Yes, and a big chunk of cash is connected to this deal: Sigilon will get $63 million up front, along with an undisclosed equity investment from Lilly and up to $410 million in milestone payments over the course of the collaboration.

Dr. Gimeno at Lilly says the initial lead for this deal came from Lilly Cambridge Innovation Center, which she says is exactly the point of establishing that new innovation center. And working with Sigilon made perfect sense, given what they bring to the table. There will be a joint Lilly-Sigilon steering committee overseeing this project as it progresses.

“This is part of our strategy in looking toward the external environment. It’s impossible to develop everything yourself, and so I see a lot of value in these collaborations,” she said.

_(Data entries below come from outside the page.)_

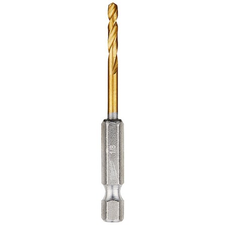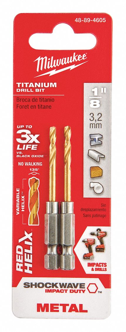 Milwaukee Electric Tool 48-89-4605 Impact Drill Bit, 1/8" Diameter x 2.62" L, 29/32" 35 Degree Helix Flute, 1/4" Hex Shank, 135 Degree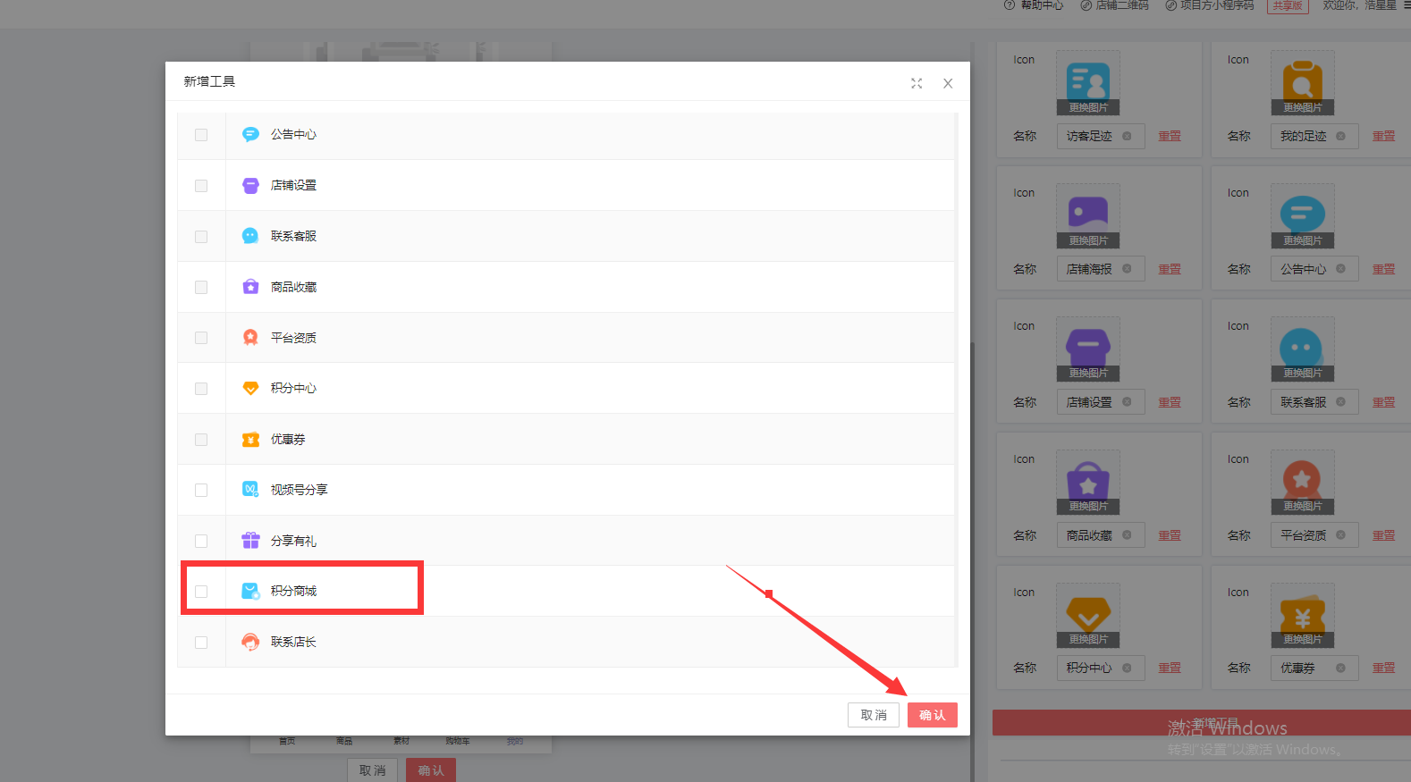 点击确认,在确定,代理端,我的工具就出现积分兑换商城的入口。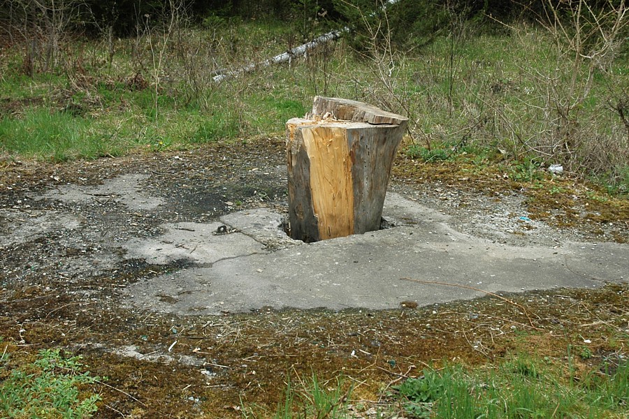 Unter dieser Betonplatte liegt die Öffnung des Maschinenschachtes, der Baumstamm ist offenkundig eine besonders

With Sigilon's expertise in T1-focused cell therapies combined with the immunosuppression workaround, Gimeno says she's excited about the possibilties -- both from the Lilly research side, as well as from her personal POV as aunt to a niece living with type 1 diabetes.

 

Hope versus Hype

Lilly certainly isn't the first Pharma company to step into the diabetes cure arena, as others -- including direct competitors in the insulin and diabetes drug space -- have done so in the past.

For example, Janssen Pharmaceuticals announced a few years ago its Disease Interception Accelerator (DIA) aimed at studying T1D and eventually curing the condition. A quick Google search will bring up many other projects, including Novo's use of stem cells and Sanofi's interest in beta cell regeneration as examples of ongoing cure-related research projects.

What all of these have in common is that they're futuristic visions right now, with no guarantee that they'll pan out to meet their lofty cure goals.

Of course, whenever diabetes cure research comes up, there's also the talk of conspiracy. Yes, some people believe there's an active plot by Pharma (and maybe even the FDA and big national nonprofits?) to suppress a cure in the interest of preserving cash flow.

Others point out that's just nonsense, as a cure itself could be quite profitable, while also saving lives.

The big hope is that any "cure" -- biological or technological -- will be affordable and accessible to all who need it. But like so much in this realm, we'll just have to wait and see.